Papua Tengah – Pemerintah Provinsi Papua Tengah melalui Badan Kepegawaian dan Pengembangan Sumber Daya Manusia (BKPSDM) mengambil langkah serius dalam menyiapkan generasi muda menghadapi seleksi sekolah kedinasan.
Sebanyak 250 calon peserta difasilitasi untuk mengikuti program bimbingan belajar (bimbel) sebelum menghadapi tahapan tes resmi. Program ini dirancang untuk meningkatkan kesiapan dan peluang kelulusan peserta dari Papua Tengah.
Kepala BKPSDM Papua Tengah menegaskan bahwa program ini merupakan bagian dari strategi besar dalam pengembangan sumber daya manusia (SDM), khususnya bagi putra-putri asli Papua agar mampu bersaing di tingkat nasional.
Tidak hanya sekadar membuka akses, BKPSDM juga memberikan pembinaan intensif melalui bimbel. Materi yang diberikan disesuaikan dengan pola seleksi sekolah kedinasan, seperti tes wawasan kebangsaan, intelegensia umum, dan karakteristik pribadi.
Langkah ini dinilai penting mengingat persaingan masuk sekolah kedinasan sangat ketat. Dengan adanya pembekalan sejak awal, peserta diharapkan lebih siap menghadapi seleksi yang dikenal kompetitif.

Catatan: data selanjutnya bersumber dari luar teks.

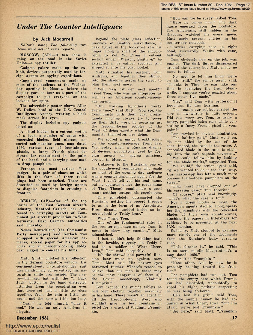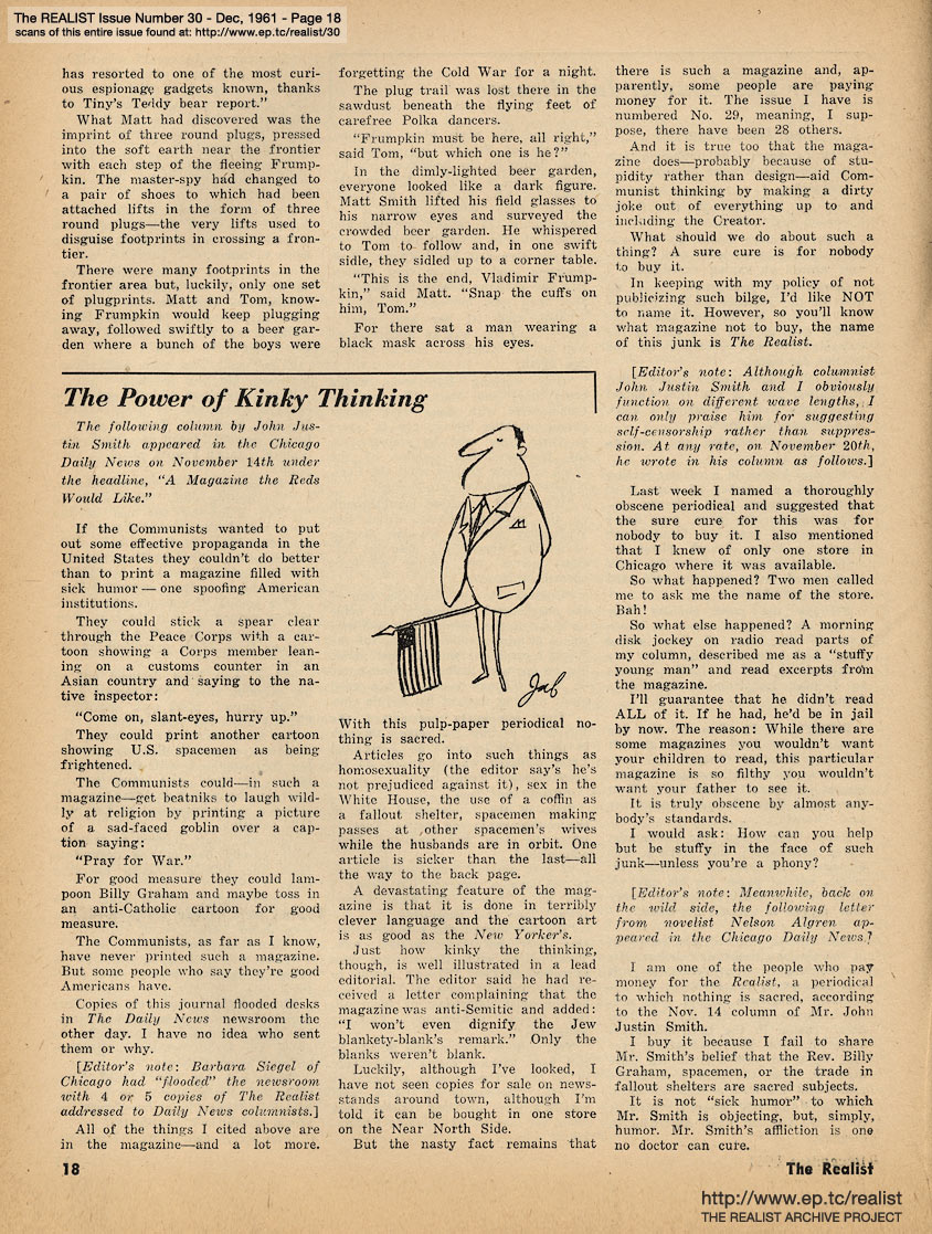 DECEMBER 1961 CONTENTS: Page 01: FROM A STUDY OF SALINGER: CONTROVERSY IN THE CATCHER by Donald M. Fiene and HOW I FORTIFIED MY FAMILY FALLOUT SHELTER by Marvin Kitman -- Page 02: THE MUSICAL COMEDY - A VOICE OF AMERICA? by Alan Casty -- Page 03: EDITORIAL TYPE STUFF - Ah Sordid Announcements - About the Author, for Chrissake - To the Memory of James Thurber -- Page 04: With Equal Time for All - No, Virginia, There Isn't a Sanity Clause -- Page 05: The Final Strains of Human Dignity - Department of Satirical Prophecy - Funny You Should Ask That - Realist-of-the-Year Award - Action, Si ... Label, No -- Page 06: The Good-Bad Guy - General Strike vs. Private Concern - Two Facts and a Rumor - The Lawsuit Bit - A Star Is Aborted -- Page 07: THE UNFABULOUS CIVIL WAR by Hiag Akmakjian and THE DAY EISENHOWER LIVED ... -- Page 08 -- Page 09 -- Page 10: GAMES FOR EXISTENTIALIST KIDS by Martin Berman -- Page 11 -- Page 12 -- Page 13: NEGATIVE THINKING by Robert Anton Wilson, Letter to a Man in Washington and OF GUARDS AND GUTS -- Page 14: LETTER FROM A SOLDIER'S WIFE by Lenny Bruce and THE DAILY LIE by James Higgins -- Page 15 -- Page 16 -- Page 17: UNDER THE COUNTER INTELLIGENCE by Jack Magarrell -- Page 18: THE POWER OF KINKY THINKING by Justin Smith -- Page 19: STOPOVER IN MIAMI by William Worthy -- Page 20: THE REALIST'S SOCIETY PAGE by Eileen Brand and EAST OF THE SOUTH by Dave Berkman -- Page 21 -- Page 22 -- Page 23 -- Page 24 -- Page 25 -- Page 26: MUSIC TO PHANTASIZE BY and I'VE GOT THE AUTHENTIC IDENTITY BLUES by Sylvia Dees -- Page 27: HOW TO WALK ON WATER by George von Hilsheimer -- Page 28: DEPARTMENT OF HMMMMM... -- Page 29: Cartoon, "J.C." by Ken Seagel and bhob stewart -- Page 30: THE KOOK'S TOUR OF THE JOYOUS DAYS by Mort Gerberg -- Page 31: THE 1961 EPISTLE PRIZES by Bob Abel and REQUIEM FOR A HEAD-HUNTER -- Back Cover: MODEST PROPOSALS by John Francis Putnam, New Wive's Tales for Old and NIGHTMARE ADLAI (Stevenson) by Jerry DeMuth

Selain itu, program ini juga menjadi bagian dari kebijakan afirmatif pemerintah daerah dalam meningkatkan jumlah aparatur sipil negara (ASN) dari Papua Tengah di masa depan.
BKPSDM Papua Tengah juga terus melakukan sosialisasi ke berbagai kabupaten untuk menjaring lebih banyak peserta potensial, sekaligus memastikan kesempatan ini dapat diakses secara merata oleh masyarakat.
Melalui program ini, pemerintah berharap semakin banyak generasi muda Papua Tengah yang berhasil menembus sekolah kedinasan dan kembali mengabdi untuk daerah.